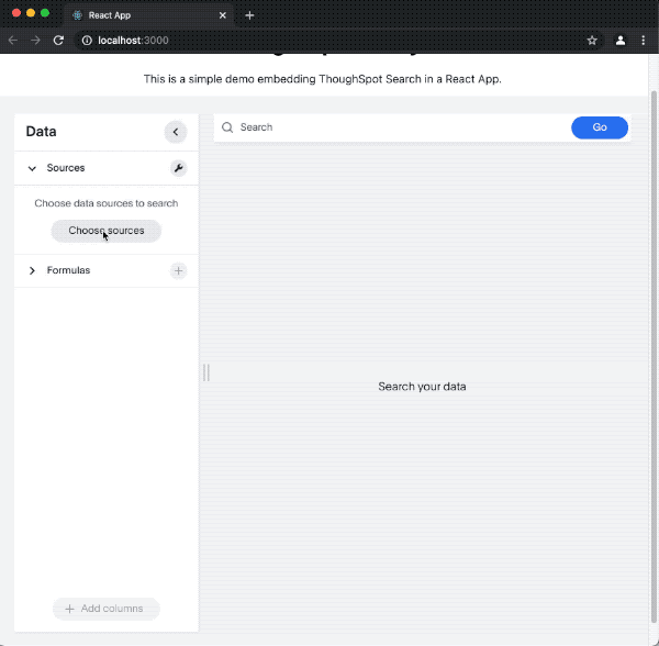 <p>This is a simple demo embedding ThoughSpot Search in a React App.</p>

--

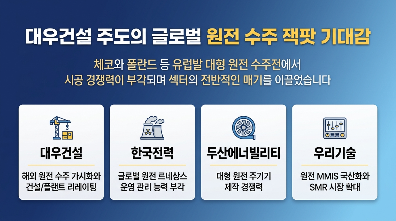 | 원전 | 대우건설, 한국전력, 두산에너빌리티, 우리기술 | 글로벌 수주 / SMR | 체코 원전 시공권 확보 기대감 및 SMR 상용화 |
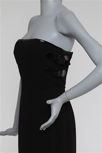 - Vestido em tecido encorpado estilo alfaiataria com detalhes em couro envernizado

--

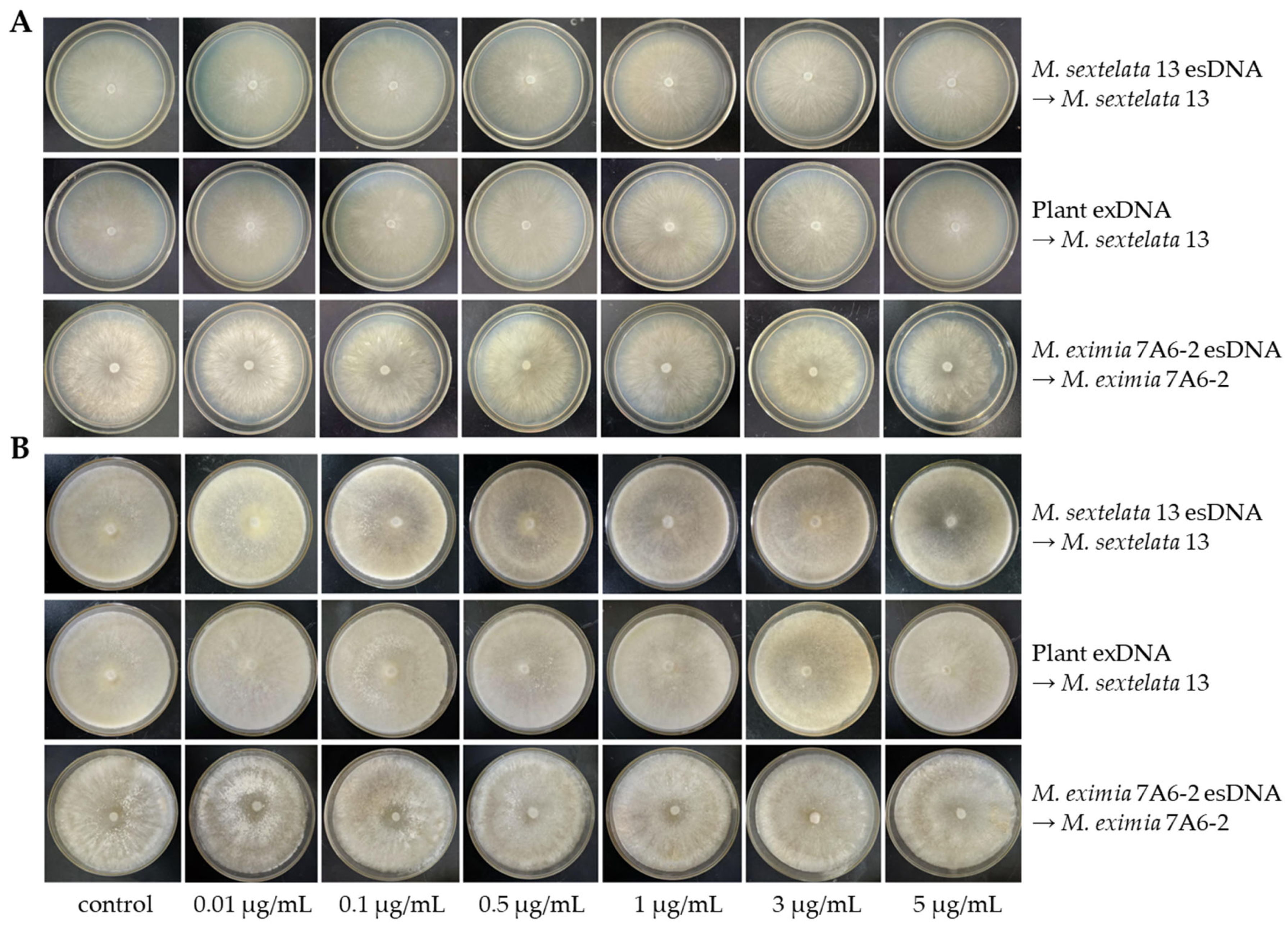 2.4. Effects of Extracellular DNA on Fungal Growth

--

▸ Work instruction
Look above for the line containing "및 SMR 상용화 |" and the line containing "- Vestido em", then reproduce both and everything between them exactly, pictures omitted.

▸ Task response
 | 원전 | 대우건설, 한국전력, 두산에너빌리티, 우리기술 | 글로벌 수주 / SMR | 체코 원전 시공권 확보 기대감 및 SMR 상용화 |
 - Vestido em tecido encorpado estilo alfaiataria com detalhes em couro envernizado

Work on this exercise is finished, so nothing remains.